_Work request_.
In the data below, the copy begins at the line containing "For example, in" and runs through the last line; repeat those lines exactly, minus the pictures.

_Data shown_.

★ ★ ★

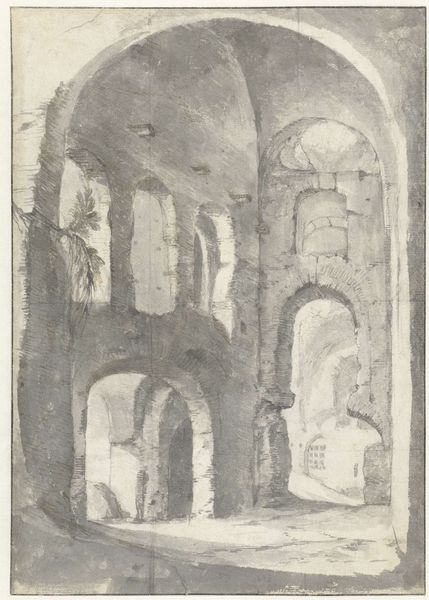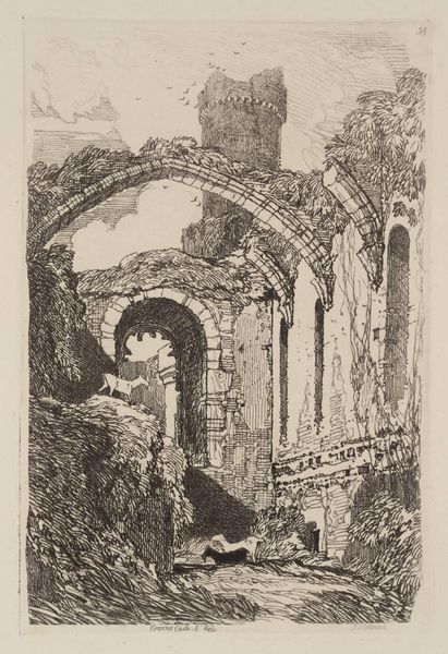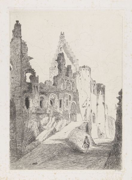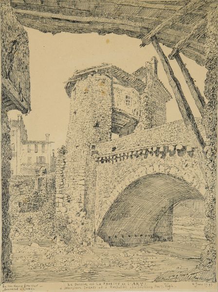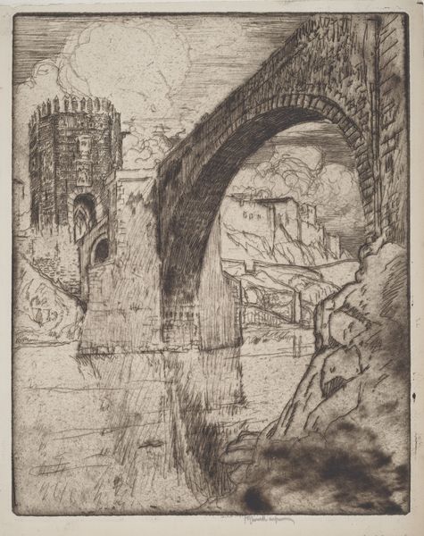 Curator: This is Joseph Pennell's 1904 print, "Bridge of San Juan D'Los Reyos, Toledo," created using ink. Editor: It has this haunting, almost dreamlike quality. It’s so subtle, so much about capturing a mood more than just the physical bridge. Curator: Precisely. Pennell wasn’t just documenting architecture, he was channeling an atmosphere, the weight of history. Notice how the bridge seems to emerge from the landscape? The architecture is barely geometric and somewhat freeform. Editor: The bridge, in that case, isn't merely a crossing, it feels like a symbolic passage through time. I see the arches almost as gateways into different eras, a memory of cultural interaction, don't you think? Like how it’s been viewed under Orientalism? Curator: The suggestion is interesting, that each stone holds a silent narrative! In those very thin, faded lines...there is an almost indescribable echo of something. The technique feels a bit like he's trying to exhume a forgotten moment. The stark contrasts he uses between light and shadow also draw attention to its timeless aspect! Editor: And speaking of echoes, look at the water below the bridge. It’s so still, acting as a mirror, reflecting not just the structure, but also its spirit. It’s not just water, it's a surface capturing centuries of reflections, I bet... a silent witness! Curator: What intrigues me most is that Pennell presents it not as some glorious monument, but something... weather-worn. Human. There's a tenderness there, don't you feel? Editor: Absolutely. I'm feeling this deeply moving respect, or understanding, of the impermanence of everything, ourselves included. It urges you to stop, think, and recognize these silent, cultural, keepers. The mood and atmosphere that this art creates make one almost want to see more to imagine how magnificent the monument was. Curator: Beautifully said!
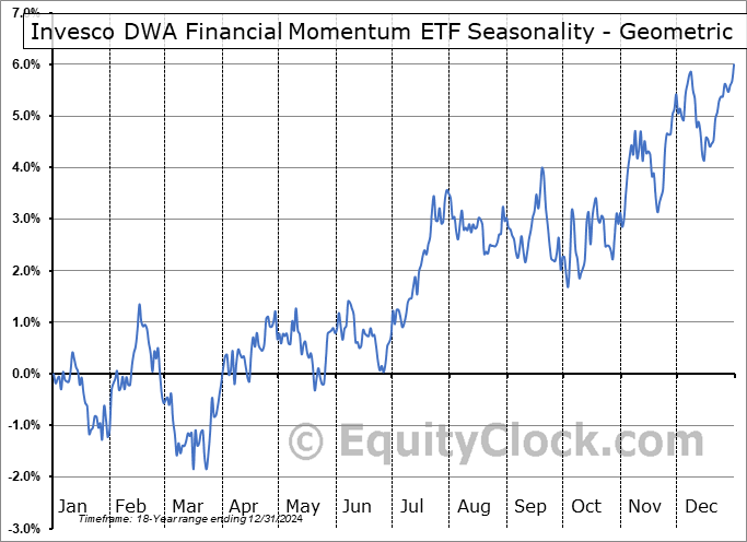 Analysis of the Invesco DWA Financial Momentum ETF (NASD:PFI) seasonal charts above shows that a Buy Date of September 6 and a Sell Date of December 5 has resulted in a geometric average return of 0.43% above the benchmark rate of the S&P 500 Total Return Index over the past 18 years. This seasonal timeframe has shown positive results compared to the benchmark in 13 of those periods. This is a good rate of success and the return strongly outperforms the relative buy-and-hold performance of the stock over the past 18 years by an average of 4.31% per year.
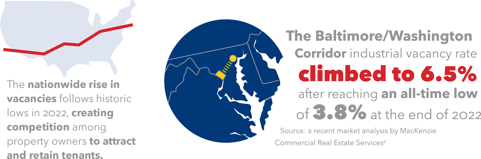 For example, in the Baltimore/Washington Corridor, the industrial vacancy rate climbed to 6.5% after reaching an all-time low of 3.8% at the end of 2022, according to a recent market analysis by MacKenzie Commercial Real Estate Services. This shift mirrors the national trend of increasing vacancies, highlighting the growing importance of strategic property improvements.
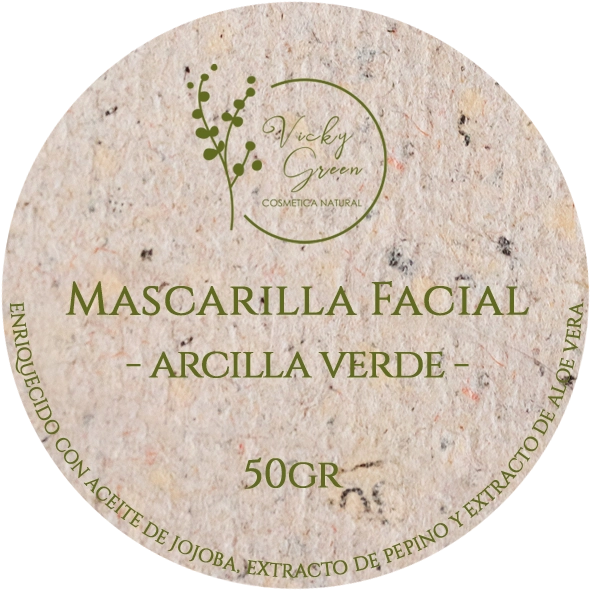 Mascarilla Facial de Arcilla Verde de Vicky Green, enriquecida con Aceite de Jojoba, Extracto de Pepino y Aloe Vera. Una fórmula ideal para purificar, equilibrar y revitalizar tu piel. Perfecta para todo tipo de piel. Envase 50gr
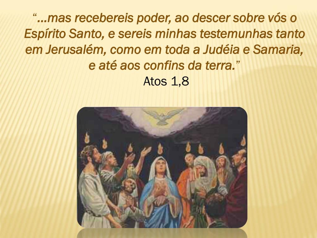 “...mas recebereis poder, ao descer sobre vós o Espírito Santo, e sereis minhas testemunhas tanto em Jerusalém, como em toda a Judéia e Samaria, e até aos confins da terra.” Atos 1,8
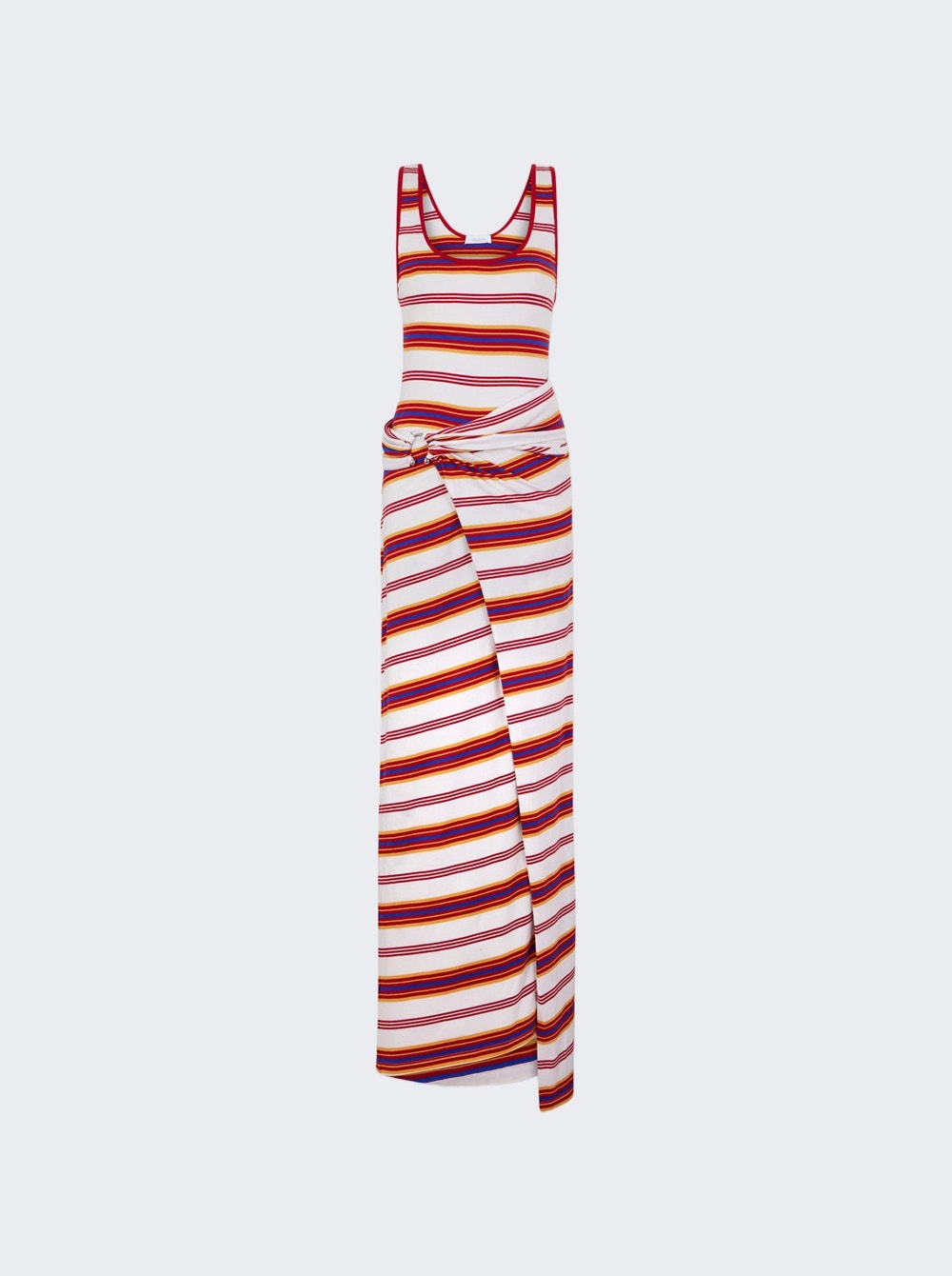 Details - Sleeveless long - in jersey - Cream, orange, and blue stripe pattern - Silver piercing detail at the waist - Material: 96% Cotton, 4% Elastane Size Information: Vendor Color Code: Brand Style: 25AJRO125CO0610 Designer/Brand: RABANNE

★ ★ ★

_Task answer_.
 For example, in the Baltimore/Washington Corridor, the industrial vacancy rate climbed to 6.5% after reaching an all-time low of 3.8% at the end of 2022, according to a recent market analysis by MacKenzie Commercial Real Estate Services. This shift mirrors the national trend of increasing vacancies, highlighting the growing importance of strategic property improvements.
 Mascarilla Facial de Arcilla Verde de Vicky Green, enriquecida con Aceite de Jojoba, Extracto de Pepino y Aloe Vera. Una fórmula ideal para purificar, equilibrar y revitalizar tu piel. Perfecta para todo tipo de piel. Envase 50gr
 “...mas recebereis poder, ao descer sobre vós o Espírito Santo, e sereis minhas testemunhas tanto em Jerusalém, como em toda a Judéia e Samaria, e até aos confins da terra.” Atos 1,8
 Details - Sleeveless long - in jersey - Cream, orange, and blue stripe pattern - Silver piercing detail at the waist - Material: 96% Cotton, 4% Elastane Size Information: Vendor Color Code: Brand Style: 25AJRO125CO0610 Designer/Brand: RABANNE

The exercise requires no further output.